Еще не успело обозначиться хмурое октябрьское утро, когда казаки, перепрыгивая через рвы и сползая по насыпям, как дикие кошки, незаметно окружали неприятельский стан… Там было тихо, словно поклонники пророка все вымерли: ни оклика, ни шороха. Вот всползли казаки ли последнюю насыпь, разом, по знаку атамана, выпрямились, взмахнули саблями – и остолбенели: лагерь оказался пуст, ни единого турка, лишь голодные собаки где-то грызлись за покинутую кость… «В уторопь» пустились казаки за турками, настигли их у самого моря, когда они садились на суда, и «в припор ружья» открыли по ним беглый огонь. В суматохе враги спешили поскорее уплыть, причем теснились, топтали, топили друг друга и погибали; казаки, столкнув последних в воду, схватили большое султанское знамя да шесть малых знамен; бόльшая часть осадной артиллерии, которую не успели нагрузить, также им досталась.
Столь постыдно закончили турки четырехмесячную осаду Азова, потеряв более половины своей многочисленной разноплеменной армии.

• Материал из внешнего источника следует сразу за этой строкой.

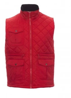 Prošívaná vesta, 8 mm široký plastový zip po celé délce, kovový jezdec, boční průduchy na knoflík, 5 vnějších kapes - 2 se speciálním zavíracím systémem, vnitřní kapsa, vatová vycpávka, podšívka na límci z žebrovaného manšestru

Правда, и казаки потеряли много, но зато и выиграли больше, чем потеряли: в них стали уважать силу и доблесть; их перестали считать шайкой разбойников, промышлявших грабежом. За казаками с этой поры утвердилось название, которое они сами себе придумали: «Великое донское войско», в котором был свой войсковой уряд, свои обычаи, и сохранилась дедовская слава, переходившая из рода в род.
Через месяц после описанных событий въезжала в Москву «знатная» станица, или большое посольство, из 24-х казаков, особенно отличившихся при защите Азова, с есаулом Порошиным и походным атаманом, Наумом Васильевым. Войско донское просило великого государя прислать воеводу для принятия крепости, «ибо им, казакам, защищать Азова не с чем». Станица была принята с честью; все казаки допущены к руке. Их наградили по окладу великим жалованьем, чествовали и угощали по все время пребывания царским иждивением. Между тем, боярская дума рассуждала о казачьем деле. Станичники доказывали все выгоды удержания Азова; они ссылались на то, что пока Азов был за ними, татары ни разу не осмелились отвоевать русские окраины. Казаки говорили, что они готовы стоять верой и правдой, но без царских войск им не сдержать Азова, потому что от великой нужды и истомы оголодали, обнищали до того, что не могут снарядить себя даже на морской поиск. Дума присудила, а царь указал послать на Дон дворянина Желябужского с подьячим Башмаковым осмотреть крепость на месте. Кроме милостивой грамоты, царь пожаловал казакам в награду за их службу 5 тысяч рублей деньгами; кроме того, обещал прислать по весне хлебное жалованье, съестные запасы, пороху, свинцу, 200 поставов сукна. «А вы, атаманы, – писал царь, – службу свою, дородство и храбрость к нашему царскому величеству довершите и своей чести и славы не теряйте, а на нашу царскую милость и жалованье будьте надежны».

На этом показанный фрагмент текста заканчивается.